In terms of costs savings for operating the business, the priority always has been to support a wide pipeline, not to fix small leaks. Sure, Google has optimized their servers to use less space and energy (they are famous for it even). But they have never publically optimized their operations to use less servers. When looking at 1.75 to 2 cents per search results page, it seems that this number is a bit high. Kalooga spends about a 100x times less, without extensive hardware optimizations. One could speculate that in fact a substantial part of the servers are not used to service users but to support it’s engineering workforce in developing and testing new large scale services and products (remember, long-term investments). And that might make sense business wise. But it’s not a sign of cost savings and efficiency. It’s also not something a new player has to take into account at all when starting a business. It comes from having a lot flowing through the pipe and is not a reason for the flow itself. Future pipelines might come available because of these investments but the return is very much unknown.
Is Google a monopoly? One thing for sure is that Google’s main focus is on pushing search traffic and click prices and that it’s survival is not dependent on excelling in efficiency and cost savings. That means it could be a hot market with enough flow for everyone or it could mean the market is moving towards a monopoly market.
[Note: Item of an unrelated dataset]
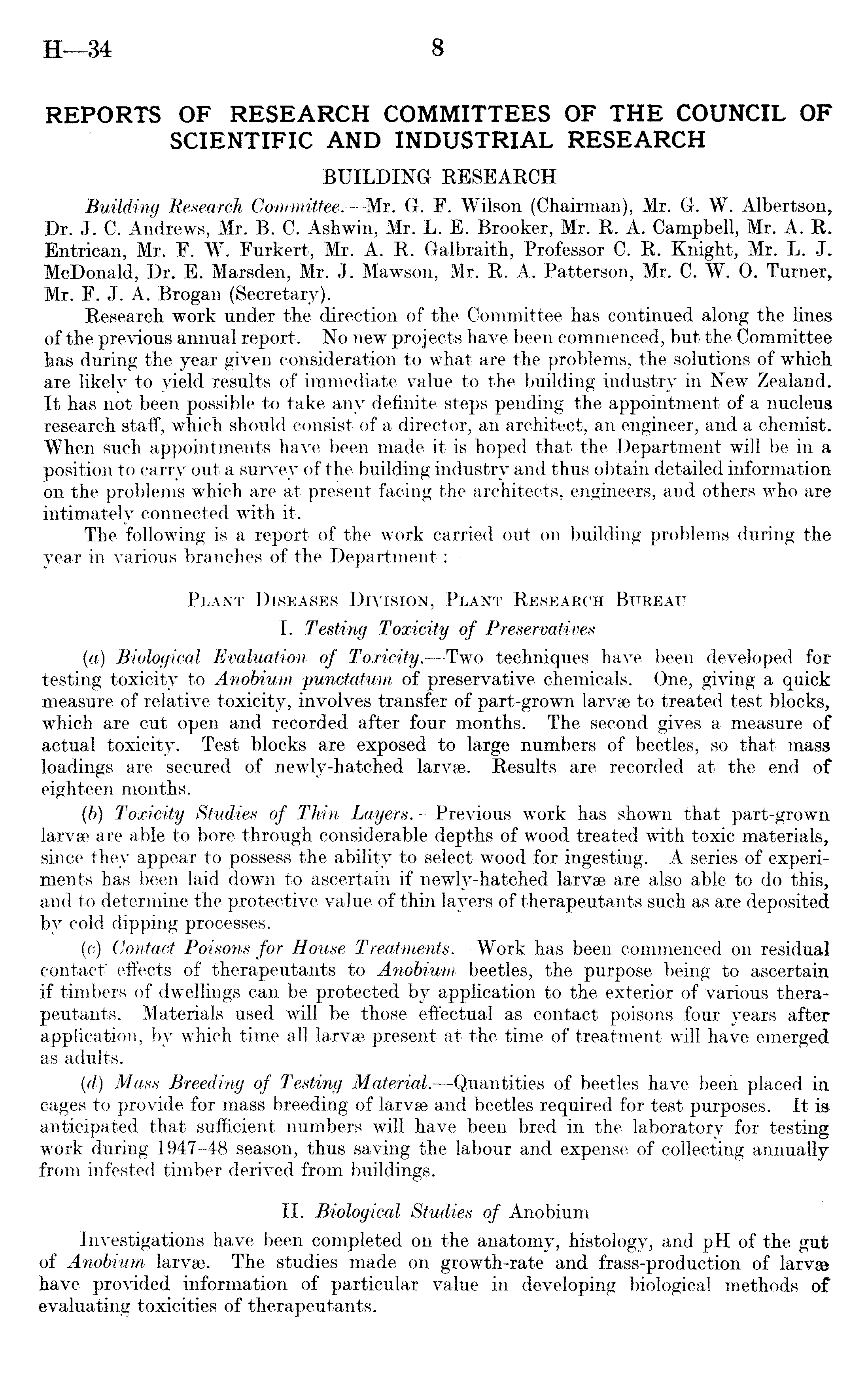 REPORTS OF RESEARCH COMMITTEES OF THE COUNCIL OF SCIENTIFIC AND INDUSTRIAL RESEARCH BUILDING RESEARCH Building Research Committee. —Mr. G. F. Wilson (Chairman), Mr. G. W. Albertson, Dr. J. C. Andrews, Mr. B. C. Ashwin, Mr. L. E. Brooker, Mr. R. A. Campbell, Mr. A. R. Entrican, Mr. F. W. Furkert, Mr. A. R. Galbraith, Professor C. R. Knight, Mr. L. J. McDonald, Dr. E. Marsden, Mr. J. Mawson, Mr. R. A. Patterson, Mr. C. W. 0. Turner, Mr. F. J. A. Brogan (Secretary). Research work under the direction of the Committee has continued along the lines of the previous annual report. No new projects have been commenced, but the Committee has during the year given consideration to what are the problems, the solutions of which are likely to yield results of immediate value to the building industry in New Zealand. It has not been possible to take any definite steps pending the appointment of a nucleus research staff, which should consist of a director, an architect, an engineer, and a chemist. When such appointments have been made it is hoped that the Department will be in a position to carry out a survey of the building industry and thus obtain detailed information on the problems which are at present facing the architects, engineers, and others who are intimately connected with it. The following is a report of the work carried out on building problems during the year in various branches of the Department : Plant Diseases Division, Plant Research Bureau I. Testing Toxicity of Preservatives (a) Biological Evaluation of Toxicity. —Two techniques have been developed for testing toxicity to Anobium punctatum of preservative chemicals. One, giving a quick measure of relative toxicity, involves transfer of part-grown larvae to treated test blocks, which are cut open and recorded after four months. The second gives a measure of actual toxicity. Test blocks are exposed to large numbers of beetles, so that mass loadings are secured of newly-hatched larvae. Results are recorded at the end of eighteen months. (b) Toxicity Studies of Thin Layers. —Previous work has shown that part-grown larvae are able to bore through considerable depths of wood treated with toxic materials, since they appear to possess the ability to select wood for ingesting. A series of experiments has been laid down to ascertain if newly-hatched larvae are also able to do this, and to determine the protective value of thin layers of therapeutants such as are deposited by cold dipping processes. (c) Contact Poisons for House Treatments. —Work has been commenced on residual contact" effects of therapeutants to Anobium beetles, the purpose being to ascertain if timbers of dwellings can be protected by application to the exterior of various therapeutants. Materials used will be those effectual as contact poisons four years after application, by which time all larvae present at the time of treatment will have emerged as adults. (d) Mass Breeding of Testing Material. —Quantities of beetles have been placed in cages to provide for mass breeding of larvae and beetles required for test purposes. It is anticipated that sufficient numbers will have been bred in the laboratory for testing work during 1947-48 season, thus saving the labour and expense of collecting annually from infested timber derived from buildings. 11. Biological Studies of Anobium Investigations have been completed on the anatomy, histology, and pH of the gut of Anobium larvae. The studies made on growth-rate and frass-production of larvse have provided information of particular value in developing biological methods of evaluating toxicities of therapeutants.

User control: monopolies have to retain and lock-in users. Google users are ‘locked in’ by the product being free without the perceived need to change vendors. Consumers typically only change vendors when they perceive higher value in other products or lower costs. The product cannot be offered cheaper than free so a competitor needs to deliver perceived higher value. To change people’s behavior, some people say it requires a 2x to 10x higher value so a web search competitor winning against Google needs to have results that are at least twice as good…
Another option is to go into new markets where no monopoly position needs to be fought or where substantially better services can be offered. Remember, YouTube, MySpace, and Skype beat Google with superior products and marketing (the latest news is that MySpace has thrown-in the towel in the Netherlands because they couldn’t compete against Hyves, a local social network… http://www.techcrunch.com/2008/10/26/myspace-gives-up-on-the-netherlands/). This shows that it’s not the first mover in the market that becomes the winner but the first party to do it well enough and reach a certain critical mass. Google has done that extremely well in web search but that is also the only market in which they have shown to be unbeatable. Media start-ups need to choose wisely where to compete and where to complement. Many creative start-ups are still showing us how to navigate the media space as a new player. Of course a solid monetization model is key to generate sufficient revenues but that’s a subject for another post.